**RECORD EXTRACTS**
+ + + + + + +

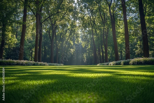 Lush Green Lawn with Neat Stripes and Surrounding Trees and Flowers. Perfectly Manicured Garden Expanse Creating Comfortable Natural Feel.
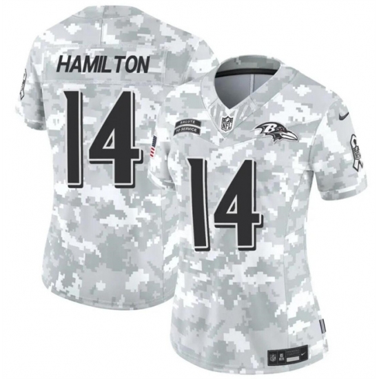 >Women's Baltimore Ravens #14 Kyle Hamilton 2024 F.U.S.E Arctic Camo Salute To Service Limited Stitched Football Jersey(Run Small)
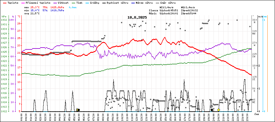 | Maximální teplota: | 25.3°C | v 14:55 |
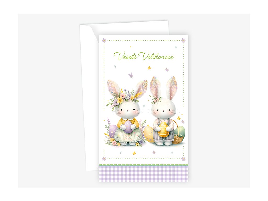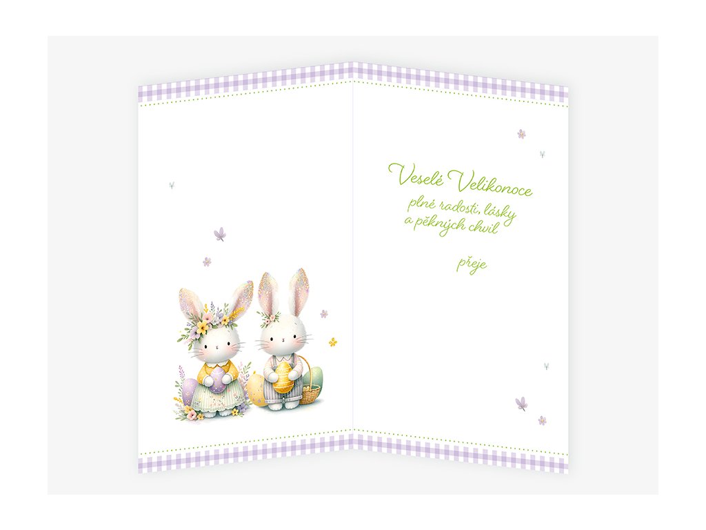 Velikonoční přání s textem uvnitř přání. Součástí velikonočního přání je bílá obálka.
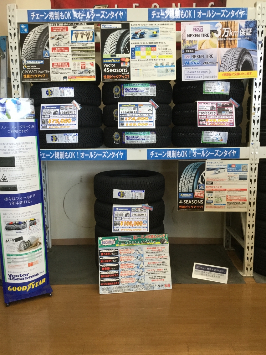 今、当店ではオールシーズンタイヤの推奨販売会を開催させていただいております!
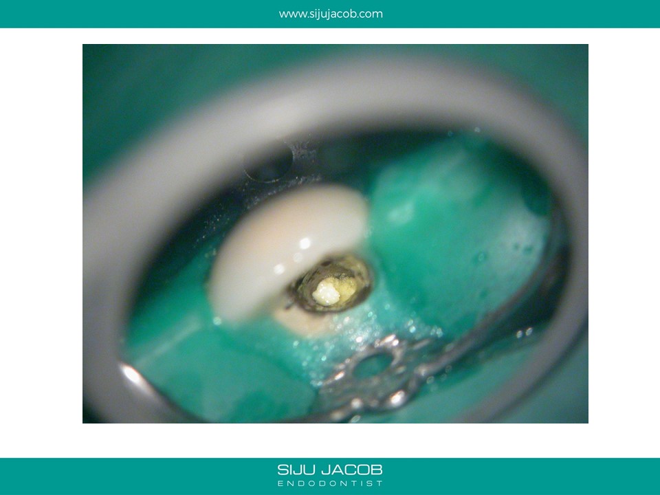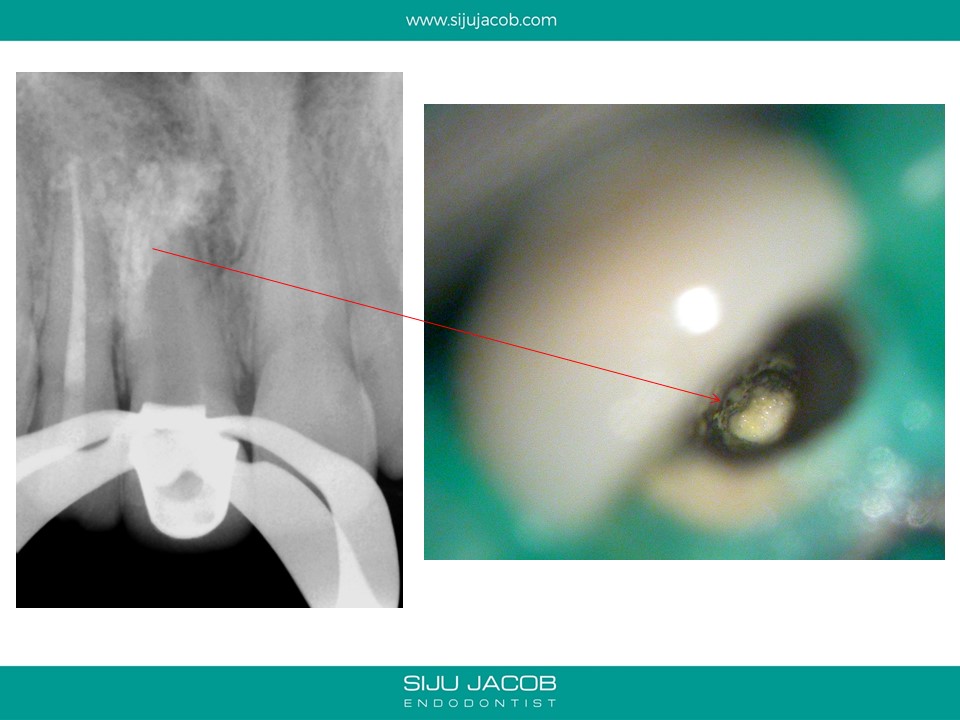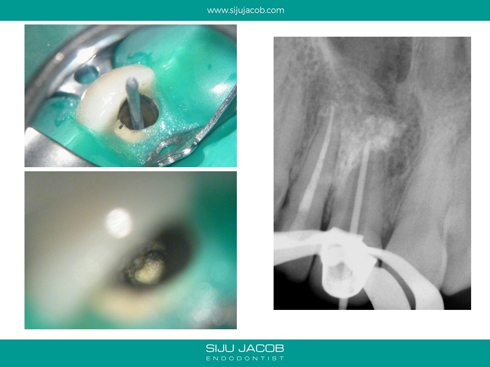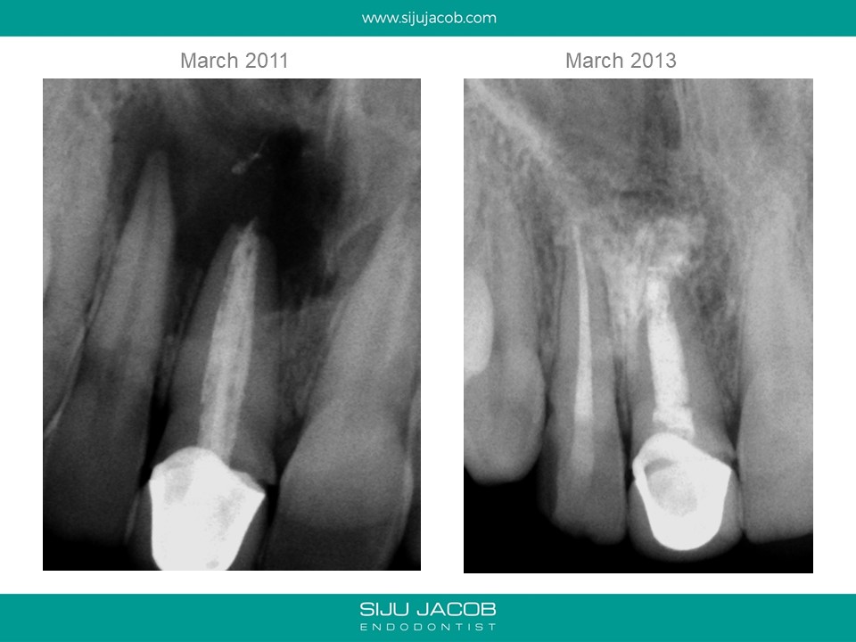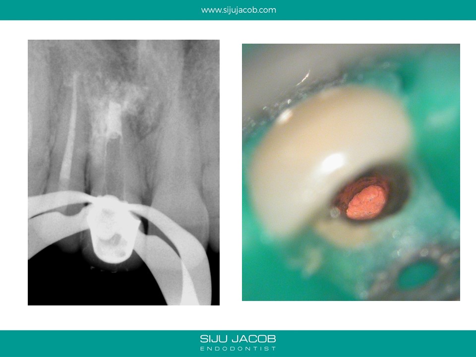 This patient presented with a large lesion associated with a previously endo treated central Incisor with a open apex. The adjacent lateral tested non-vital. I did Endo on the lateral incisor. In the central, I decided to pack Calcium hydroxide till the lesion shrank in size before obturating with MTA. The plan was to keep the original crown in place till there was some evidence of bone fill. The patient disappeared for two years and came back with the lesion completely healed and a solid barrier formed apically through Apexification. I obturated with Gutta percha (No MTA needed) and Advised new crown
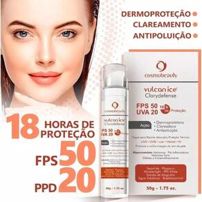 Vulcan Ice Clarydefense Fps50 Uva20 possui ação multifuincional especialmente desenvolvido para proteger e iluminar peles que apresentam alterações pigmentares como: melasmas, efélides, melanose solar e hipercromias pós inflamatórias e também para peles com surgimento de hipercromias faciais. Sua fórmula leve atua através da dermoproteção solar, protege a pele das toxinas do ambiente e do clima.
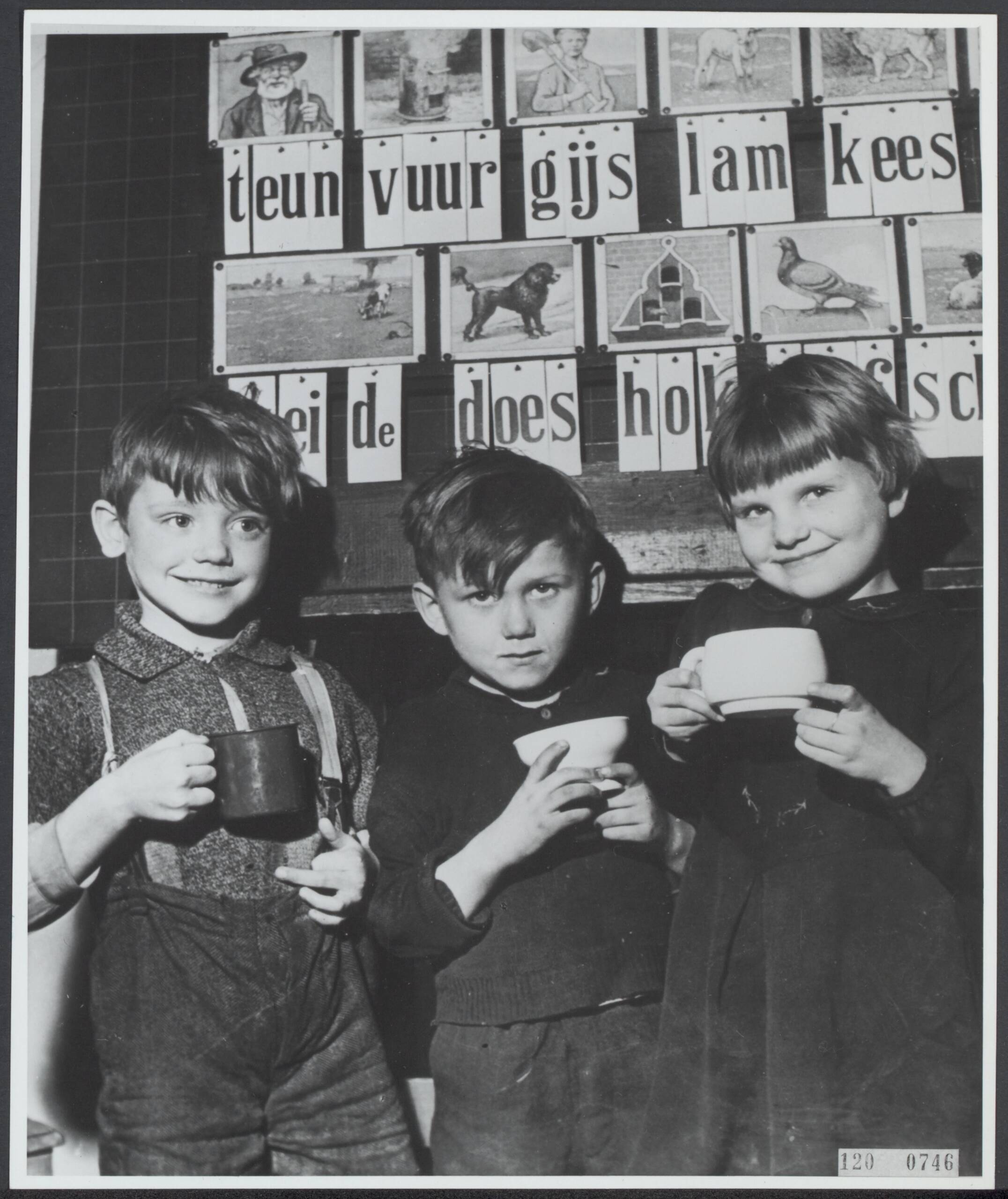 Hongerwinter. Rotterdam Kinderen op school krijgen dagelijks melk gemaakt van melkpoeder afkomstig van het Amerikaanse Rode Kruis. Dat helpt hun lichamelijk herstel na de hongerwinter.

+ + + + + + +

**TO DO**
Print exactly the lines running from the start of the entries above to the line with "今、当店ではオールシーズンタイヤの推奨販売会を開催させていただいております!", both included; leave out any pictures.

**EXERCISE ANSWER**
 Lush Green Lawn with Neat Stripes and Surrounding Trees and Flowers. Perfectly Manicured Garden Expanse Creating Comfortable Natural Feel.
 >Women's Baltimore Ravens #14 Kyle Hamilton 2024 F.U.S.E Arctic Camo Salute To Service Limited Stitched Football Jersey(Run Small)
 | Maximální teplota: | 25.3°C | v 14:55 |
 Velikonoční přání s textem uvnitř přání. Součástí velikonočního přání je bílá obálka.
 今、当店ではオールシーズンタイヤの推奨販売会を開催させていただいております!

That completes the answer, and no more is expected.